NEW YORK — Ten people were shot Tuesday at a New York City subway station during a morning rush-hour attack that left wounded commuters bleeding on a train platform and police searching for the shooter.
Fire personnel responding to reports of smoke at the 36th Street station in Brooklyn’s Sunset Park neighborhood at around 8:30 a.m. found multiple people with injuries.
According to multiple law enforcement sources briefed on the investigation, preliminary information indicated that the suspect who fled was a man wearing a construction vest and a gas mask.
Photos and video from the scene showed people tending to bloodied passengers lying on the floor of the station and the air filled with smoke. Fire and police officials were investigating reports that there had been an explosion, but the police department tweeted that there were “no active explosive devices at this time.” Multiple smoke devices were found on the scene, said mayoral spokesperson Fabien Levy, who confirmed the initial shooting injury count.
At least 11 people were being treated at two local hospitals.
“My subway door opened into calamity. It was smoke and blood and people screaming,” eyewitness Sam Carcamo told radio station 1010 WINS, saying he saw a giant billow of smoke pouring out of the N train once the door opened.
A bystander video shows people lying on the subway platform amid what appeared to be small puddles of blood, as a loudspeaker announcement told everyone on the smoke-hazy platform to get on a train. Inside a subway car, a person lay on the floor, encircled by others. Outside the station, a police officer yelled, “Let’s go! Get out of the way!”
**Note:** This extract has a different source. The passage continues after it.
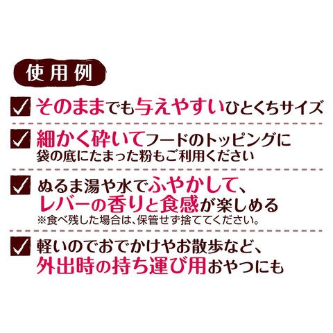 | 特長 | ●そのままでも与えやすいひとくちサイズの犬用おやつです。 ●細かく砕いてフードのトッピングに、ふやかして素材の香りと食感を楽しめる、軽いのでおでかけやお散歩など外出時の持ち運び用おやつなど、様々な目的に合わせてアレンジできます。 ●食品添加物完全無添加です。 ●シニア犬、パピー犬にもおすすめです。 ●鉄分豊富です。 |

Danny Mastrogiorgio, of Brooklyn, had just dropped his son off at school when he saw a crush of passengers, including multiple wounded, running up the subway stairway in panic. At least two had visible leg injuries, he said.
“It was insane,” he told The Associated Press. “No one knew exactly what was going on.”
One witness said it was smoky in the station. She saw a wounded teenage boy in the subway station.
“You can clearly see the bullet in his knee,” she told PIX11 News.
Once she came out of the station, she saw more injured people outside.
“I was thankful that I was not with my brother because I was dropping him off before,” she said.
Allan Lee was running his business, Cafe Nube, when a half-dozen police cars and fire vehicles suddenly converged on the block.
“Then they started ushering people that were on the block to the adjacent block and then closed off the subway entrance” near the cafe’s door, he told the AP. When he noticed bomb squad officers and dogs, he was certain it was no everyday subway problem.
Police officers were canvassing Fourth Avenue, the station’s cross-street, asking witnesses whether they were on the train. A sea of emergency lights was visible from at least a dozen blocks away, where a police cordon was set up.
The shootings come as New York City has faced a spate of shootings and high-profile incidents in recent months, including on the city’s subways. One of the most shocking was in January when a woman was pushed to her death in front of a train by a stranger.